Creating Bi-grams and Tri-grams

By processing the data for bi-grams and tri-grams, we see some changes in the table. Specifically, the Token column has been replaced by token with the different permutations of monograms, bi-grams, tri-grams. There is also a new gram column to indicated the number of “grams” in the token for each data entry.

We now see that the the most common bi-grams are learn_analyt, predict_model, and make,sens.

We also find that the most common tri-grams are design_base_research, use_predict_model, and educ_data_mine.

Bi-grams and tri-grams are significantly less common than monograms with the largest monogram having 362 entries, the largest bi-gram having 62 entries, and the largest tri-gram having only 4 entries.

“Student”, a common word encountered in our course has a wide range of bi-grams and tri-grams associated with it throughout the papers.

Important Words for Papers and Authors

The content of each paper had its topic made pretty clear once the analysis was completed. Brook discussed prediction models, Carolan dealt with social network analysis and so forth.

Looking at my own comments, I was surprised while also unsurprised with the frequency in which I used the word “language” in my comments. I suspect that would tie relating the course content to my experience as a language teacher.

Cluster the Authors

Despite being in three dimensions, the graph does make sense in you can expect some similarities between different authors while other authors stick out. Of note, you can see that Xavier is far displaced from the rest of the group. Also, Elizabeth and I are super near eachother suggesting that we share commonalities in how we interact and communicate through our comments.

When placed clustered and placed into two dimensions, we see some interesting groupings.

Xavier is far from the students, which is unsurprising given that he’s the instructor and will interact in the forums much differently than us.
Elizabeth and I are clustered as well, as seen in the above graph.
Maria is also far from nearly everyone else.
There is a cluster including Taniya, Evgeniya, Ailin, and Collin. This is an interesting cluster that’s hard for me to describe. I could see commonalities in their personality, but I’m not sure how that would manifest in their forums interactions.
The final cluster has the majority of students. Again, it’s hard to pin-point the exact similarity between the group, but maybe there is a cultural link that has an impact in the language that they write. This is conjecture and I really can’t be certain.

Sentiment Analysis

I ran sentiment analysis on the data set as well and found some interesting things. Firstly, our distribution trended positive as a class overall.

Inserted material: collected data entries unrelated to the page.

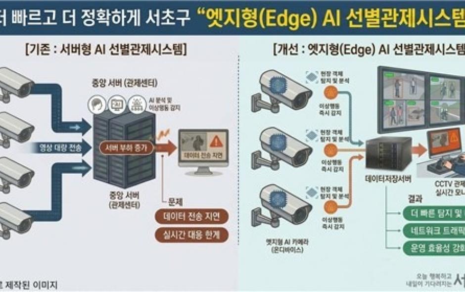 서울 서초구가 전국 최초로 '엣지형 AI 선별관제시스템'을 도입해 본격 운영에 나선다고 밝혔다. AI 카메라가 현장에서 영상을 직접 분석한 뒤 선별된 정보를 관제센터로 전송하는 방...
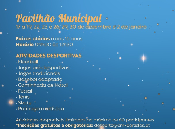O Município de Barcelos tem abertas as inscrições para o já tradicional programa de “Férias Escolares de Natal”, dirigido a crianças e jovens dos seis aos 16 anos de idade, bem como a instituições e associações do concelho que promovam atividades de grupo com esta população.
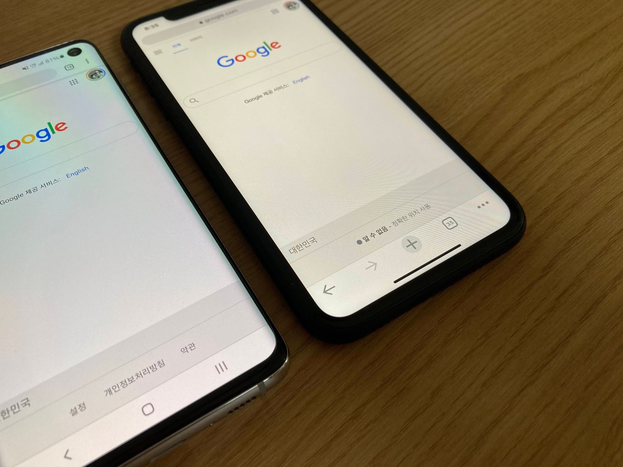 플래그십 안드로이드폰의 경우 미세하게 위아래 베젤의 두께가 다르거나 좌우의 경우 엣지디스플레이처럼 4방향의 베젤 두께가 일정하지 않은 경우가 많은 거에 비하면 확실히 균형이 주는 안정감은 아이폰의 디자인이 더 좋다고 생각한다.

The most positive submission across all students and papers was Ruby in the Ochoa writing: > I think that having a personalized prediction to guide a student’s learning could be efficient in the way that the student’s learning are tailored to their individual needs and not comparing with others. Doing so presents a more “efficient” way of learning when comparing the student without personalized learning to the same student with personalized learning.

The most negative submission across all students and papers was Ana in the Selwyn writing: > It is also possible that data become an excuse or scapegoat for police failures.

Given these examples, I could see how the calculation would determine that a submission was positive (“efficient”, “not comparing”, “personalized”) or negative (“excuse”, “scapegoat”, “failures”). I think that this analysis doesn’t go further than determining the positivity or negativity of a message, but does not determine the author’s positivity, negativity, or anything else meaningful. It’s just the language being used.